Towards the end of the meeting I couldn’t help but reflect on what had influenced these decisions. Political pragmatism probably came top of the list (‘we couldn’t possibly do that, our GPs wouldn’t engage’), closely followed by personal experience (‘I saw care coordinators working really well in my previous job’) and a bit of ideology (‘what we need is more/less competition’).

Perhaps a little mischievously, I asked the group whether the decision-making process, or the decisions themselves, would have been any different if an academic had been part of the conversation. Some were unsure but most were dismissive. Well-rehearsed arguments were voiced – academics have their heads in the clouds, they don’t understand the need to make quick decisions, they are too purist, too nihilistic and they don’t speak a language that we understand. Stereotypes perhaps, but even as an academic myself, I wasn’t inclined to be too defensive.

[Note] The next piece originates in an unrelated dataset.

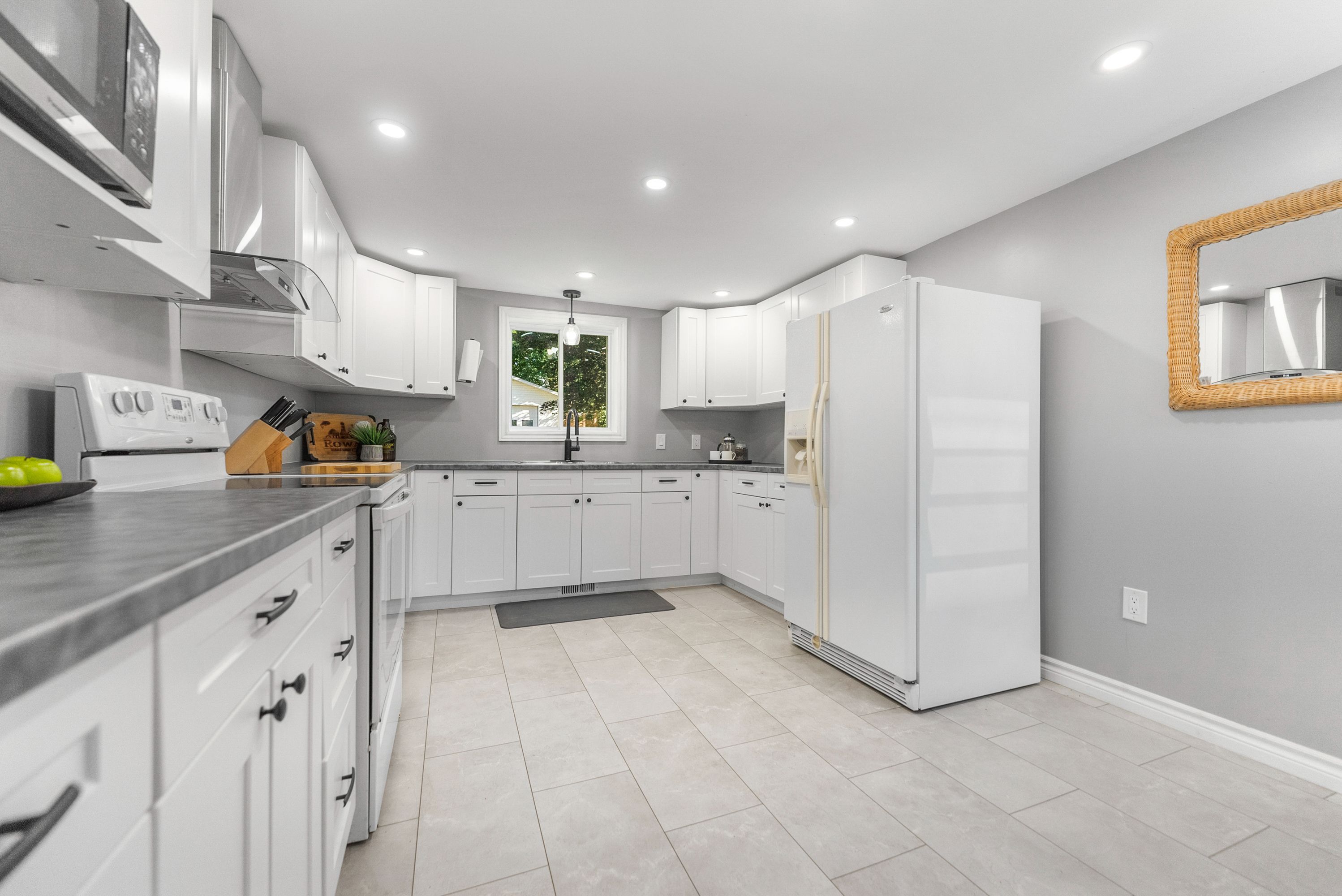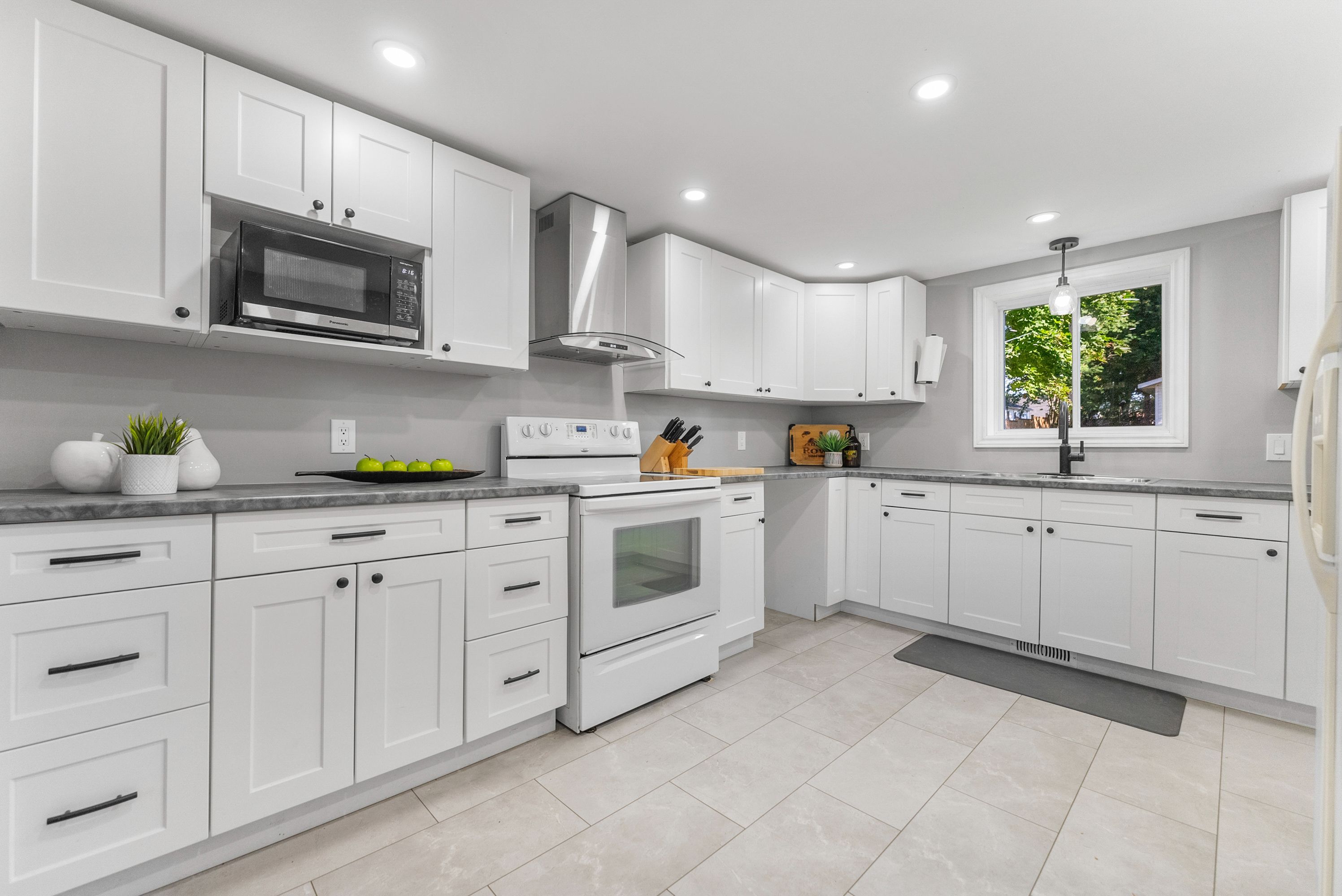• Bright, updated kitchen with extensive cabinetry and tasteful countertops.

But I did push them. ‘How about’, I said, ‘if you had a friendly academic whispering in your ear as you made the decisions, someone who really wants to be useful. What could they bring to the table?’. The conversation then opened up. One person said that they were vaguely aware that some research had been conducted into integrated care (there is a substantial international evidence base) and it would be useful if the academic could bring this evidence to the table and help interpret what it meant within the local context. Another person said that the need for change lay at the heart of the work and that whilst they had a good practical understanding of how to go about it, they were aware that there was a vast literature about the psychology of individual change and the sociology of organisational change and it would be helpful if this theory could be described in an accessible way. Someone else said that they wanted a more objective assessment of whether what they were planning was likely to have an impact, so they would like to draw on the academic’s expertise in evaluation. And a fourth person admitted that they had lots of data but they would like help to analyse or interpret it in more sophisticated ways and it would be useful to have academic advice.

And they could have gone on. It felt remarkably like a Monty Python ‘what have the Romans ever done for us’ conversation. Whilst clinicians and managers will always have responsibility for making decisions about how care is organised and delivered, and these decisions will always be influenced by factors other than the scientific evidence, academics have a role to play and this is what the science of improvement is about – helping decision makers in the service to make better use of the scientific evidence and helping academics to produce more useful research. The use of clinical research, through the evidence-based medicine movement, has become deeply embedded in the psyche of health professionals over the last two decades. We now need to develop and embed an equally convincing science to underpin health system improvement. This will be a significant cultural challenge but the stakes have never been higher.